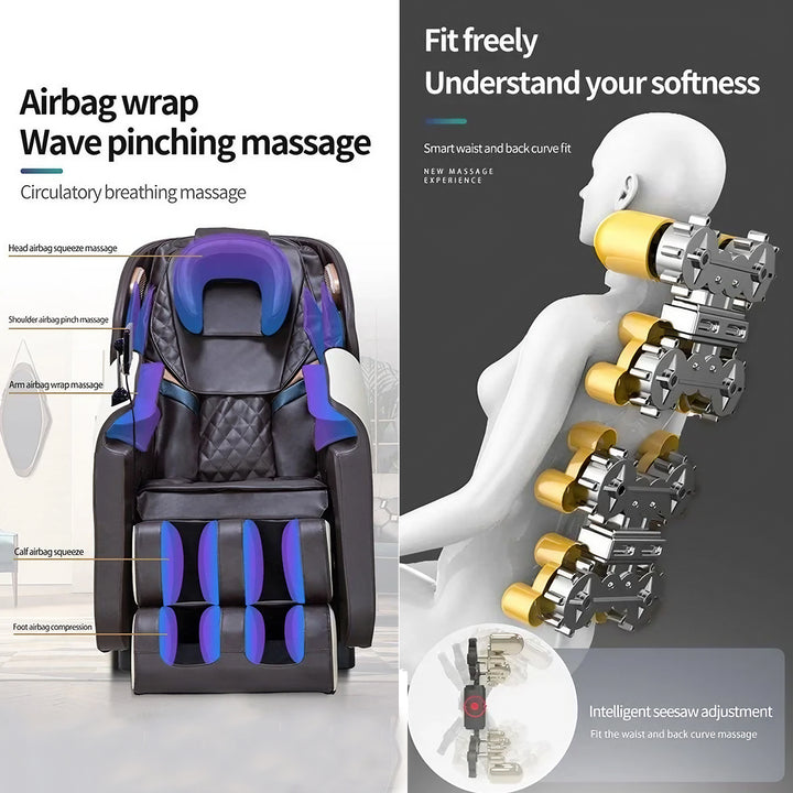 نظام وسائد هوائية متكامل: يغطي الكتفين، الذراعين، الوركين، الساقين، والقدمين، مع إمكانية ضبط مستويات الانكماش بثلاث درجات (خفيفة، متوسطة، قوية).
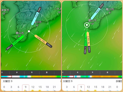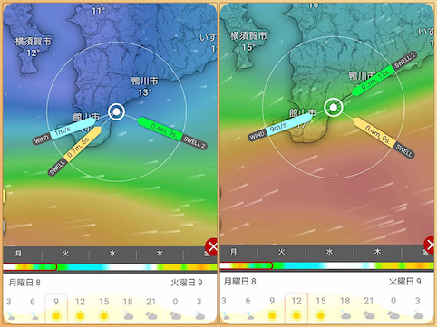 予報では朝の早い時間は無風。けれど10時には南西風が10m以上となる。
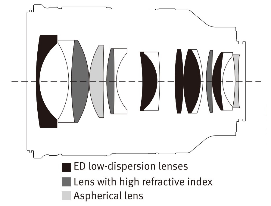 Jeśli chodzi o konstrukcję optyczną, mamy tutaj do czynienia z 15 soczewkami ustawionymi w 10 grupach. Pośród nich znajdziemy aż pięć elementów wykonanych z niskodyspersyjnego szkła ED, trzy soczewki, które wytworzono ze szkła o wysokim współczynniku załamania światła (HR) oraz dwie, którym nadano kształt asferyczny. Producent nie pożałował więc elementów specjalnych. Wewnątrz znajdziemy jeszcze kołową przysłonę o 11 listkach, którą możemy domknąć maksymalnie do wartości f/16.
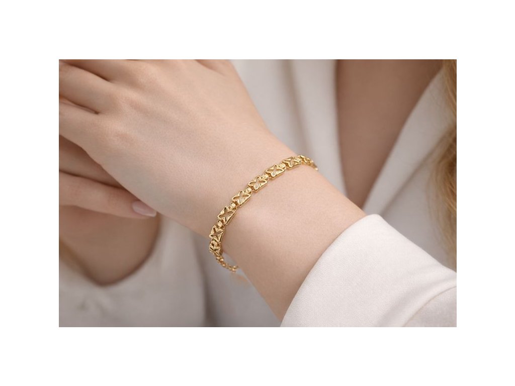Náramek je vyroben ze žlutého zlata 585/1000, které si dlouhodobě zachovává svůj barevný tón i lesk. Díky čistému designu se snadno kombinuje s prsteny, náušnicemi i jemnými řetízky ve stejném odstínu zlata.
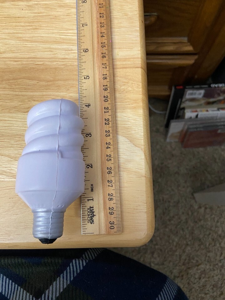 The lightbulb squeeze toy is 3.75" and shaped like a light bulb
...
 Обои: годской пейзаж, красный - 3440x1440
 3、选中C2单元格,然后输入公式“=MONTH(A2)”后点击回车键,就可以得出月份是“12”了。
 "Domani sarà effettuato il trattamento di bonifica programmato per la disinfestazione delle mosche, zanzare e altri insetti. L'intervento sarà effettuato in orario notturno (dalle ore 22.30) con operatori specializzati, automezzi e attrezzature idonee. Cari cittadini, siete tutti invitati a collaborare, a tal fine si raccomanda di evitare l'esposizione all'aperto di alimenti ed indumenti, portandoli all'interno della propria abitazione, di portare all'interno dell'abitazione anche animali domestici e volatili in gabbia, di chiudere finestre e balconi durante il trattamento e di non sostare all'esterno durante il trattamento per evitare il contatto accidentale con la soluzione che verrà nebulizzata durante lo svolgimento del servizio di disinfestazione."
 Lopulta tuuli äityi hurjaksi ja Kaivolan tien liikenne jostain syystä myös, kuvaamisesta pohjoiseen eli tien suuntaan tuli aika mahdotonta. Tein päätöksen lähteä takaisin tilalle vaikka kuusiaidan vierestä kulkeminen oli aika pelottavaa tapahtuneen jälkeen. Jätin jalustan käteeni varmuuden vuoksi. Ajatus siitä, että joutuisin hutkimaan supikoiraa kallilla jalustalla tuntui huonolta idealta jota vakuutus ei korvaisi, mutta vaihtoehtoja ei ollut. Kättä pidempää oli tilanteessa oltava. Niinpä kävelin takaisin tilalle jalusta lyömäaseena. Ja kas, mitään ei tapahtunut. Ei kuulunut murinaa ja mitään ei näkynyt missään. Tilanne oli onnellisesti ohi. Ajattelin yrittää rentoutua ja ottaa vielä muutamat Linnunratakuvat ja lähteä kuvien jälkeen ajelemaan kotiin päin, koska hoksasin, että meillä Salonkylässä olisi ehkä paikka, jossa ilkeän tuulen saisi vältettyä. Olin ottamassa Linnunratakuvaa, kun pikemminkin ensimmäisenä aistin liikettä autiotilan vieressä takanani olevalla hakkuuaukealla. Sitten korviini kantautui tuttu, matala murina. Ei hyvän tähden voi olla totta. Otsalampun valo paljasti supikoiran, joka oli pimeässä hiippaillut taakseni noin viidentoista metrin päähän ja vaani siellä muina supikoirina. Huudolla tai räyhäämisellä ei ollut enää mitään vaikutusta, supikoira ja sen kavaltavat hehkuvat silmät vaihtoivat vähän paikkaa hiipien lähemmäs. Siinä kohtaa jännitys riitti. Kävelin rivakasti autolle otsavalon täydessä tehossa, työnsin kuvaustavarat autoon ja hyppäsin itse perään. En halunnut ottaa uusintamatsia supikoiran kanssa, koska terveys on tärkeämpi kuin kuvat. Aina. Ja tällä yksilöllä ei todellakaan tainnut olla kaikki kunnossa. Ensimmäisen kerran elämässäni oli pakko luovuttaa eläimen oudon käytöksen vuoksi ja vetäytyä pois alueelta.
...
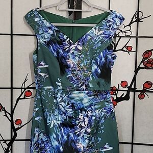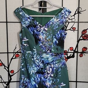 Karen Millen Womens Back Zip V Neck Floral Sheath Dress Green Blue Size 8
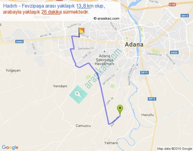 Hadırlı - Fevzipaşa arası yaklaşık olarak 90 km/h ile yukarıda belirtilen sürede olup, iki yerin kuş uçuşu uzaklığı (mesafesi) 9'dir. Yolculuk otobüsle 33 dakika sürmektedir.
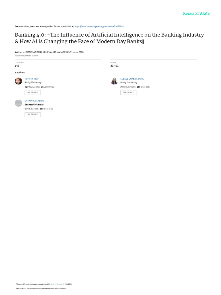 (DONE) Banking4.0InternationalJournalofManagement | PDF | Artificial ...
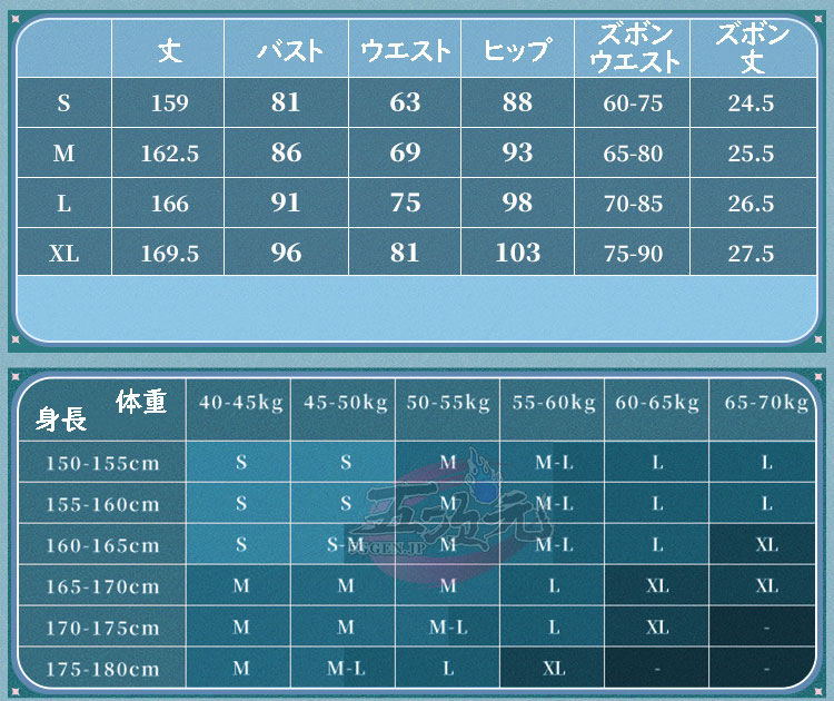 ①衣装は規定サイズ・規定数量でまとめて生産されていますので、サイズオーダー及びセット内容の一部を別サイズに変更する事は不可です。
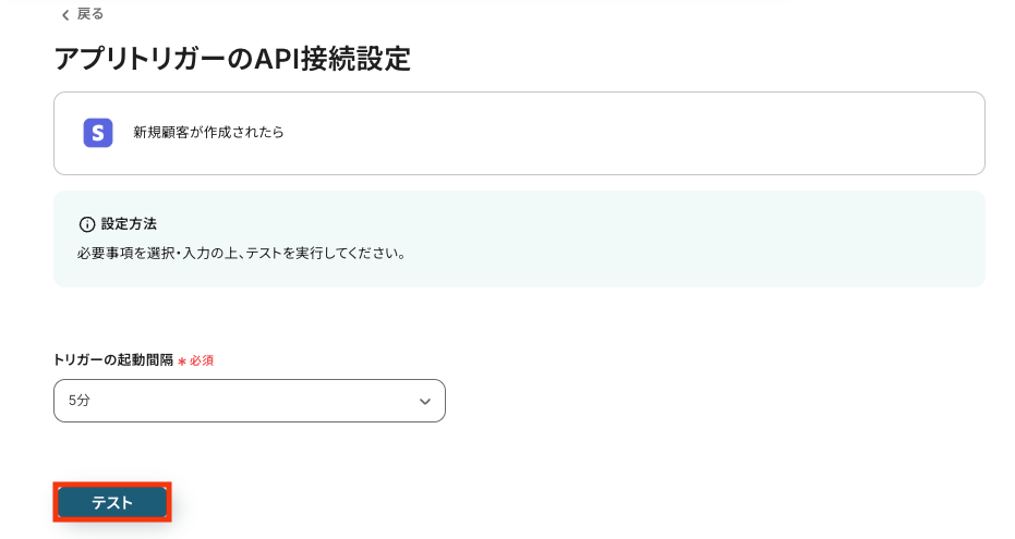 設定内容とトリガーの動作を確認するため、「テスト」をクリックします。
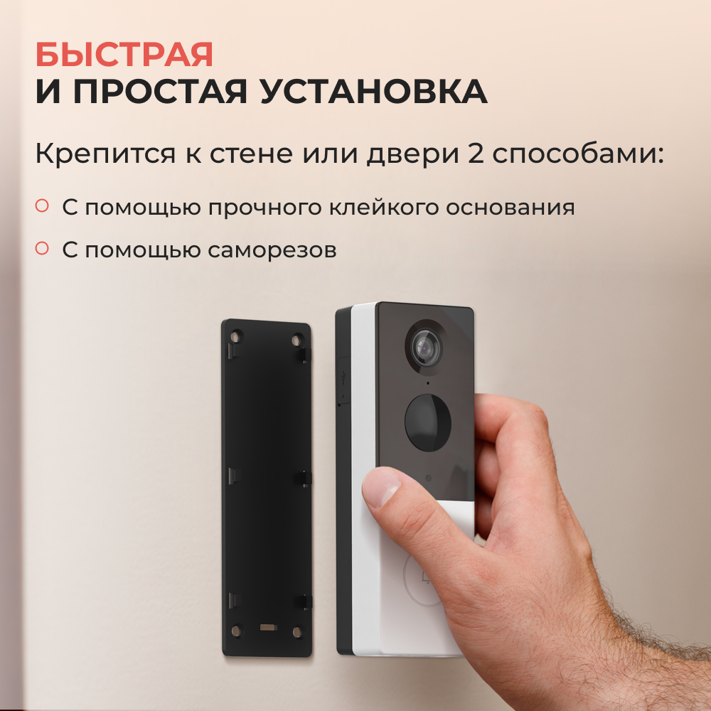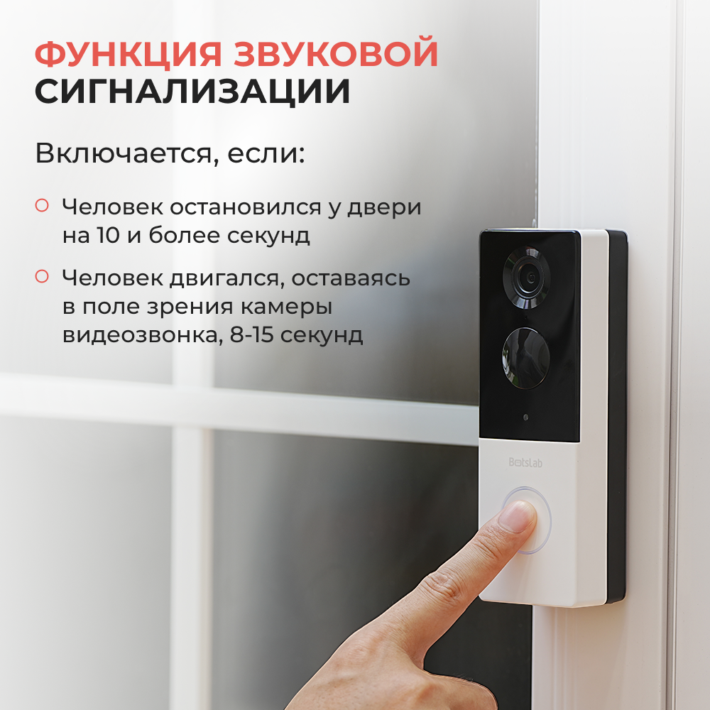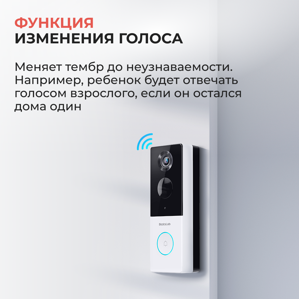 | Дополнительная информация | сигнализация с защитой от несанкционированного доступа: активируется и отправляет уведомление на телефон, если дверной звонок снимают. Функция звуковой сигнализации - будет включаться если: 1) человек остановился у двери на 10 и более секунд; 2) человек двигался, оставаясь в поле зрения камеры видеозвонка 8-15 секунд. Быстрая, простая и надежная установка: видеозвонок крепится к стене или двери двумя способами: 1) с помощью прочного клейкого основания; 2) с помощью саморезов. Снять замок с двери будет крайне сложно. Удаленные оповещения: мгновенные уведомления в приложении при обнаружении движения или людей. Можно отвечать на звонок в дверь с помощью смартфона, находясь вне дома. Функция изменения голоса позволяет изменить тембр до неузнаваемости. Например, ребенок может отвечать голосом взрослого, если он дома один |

Brief: Among the entries above, locate the line with "نظام وسائد هوائية" and the line with "The lightbulb squeeze". Give those two lines and all lines between them again, exactly, leaving out the pictures.

Your solution:
 نظام وسائد هوائية متكامل: يغطي الكتفين، الذراعين، الوركين، الساقين، والقدمين، مع إمكانية ضبط مستويات الانكماش بثلاث درجات (خفيفة، متوسطة، قوية).
 予報では朝の早い時間は無風。けれど10時には南西風が10m以上となる。
 Jeśli chodzi o konstrukcję optyczną, mamy tutaj do czynienia z 15 soczewkami ustawionymi w 10 grupach. Pośród nich znajdziemy aż pięć elementów wykonanych z niskodyspersyjnego szkła ED, trzy soczewki, które wytworzono ze szkła o wysokim współczynniku załamania światła (HR) oraz dwie, którym nadano kształt asferyczny. Producent nie pożałował więc elementów specjalnych. Wewnątrz znajdziemy jeszcze kołową przysłonę o 11 listkach, którą możemy domknąć maksymalnie do wartości f/16.
Náramek je vyroben ze žlutého zlata 585/1000, které si dlouhodobě zachovává svůj barevný tón i lesk. Díky čistému designu se snadno kombinuje s prsteny, náušnicemi i jemnými řetízky ve stejném odstínu zlata.
 The lightbulb squeeze toy is 3.75" and shaped like a light bulb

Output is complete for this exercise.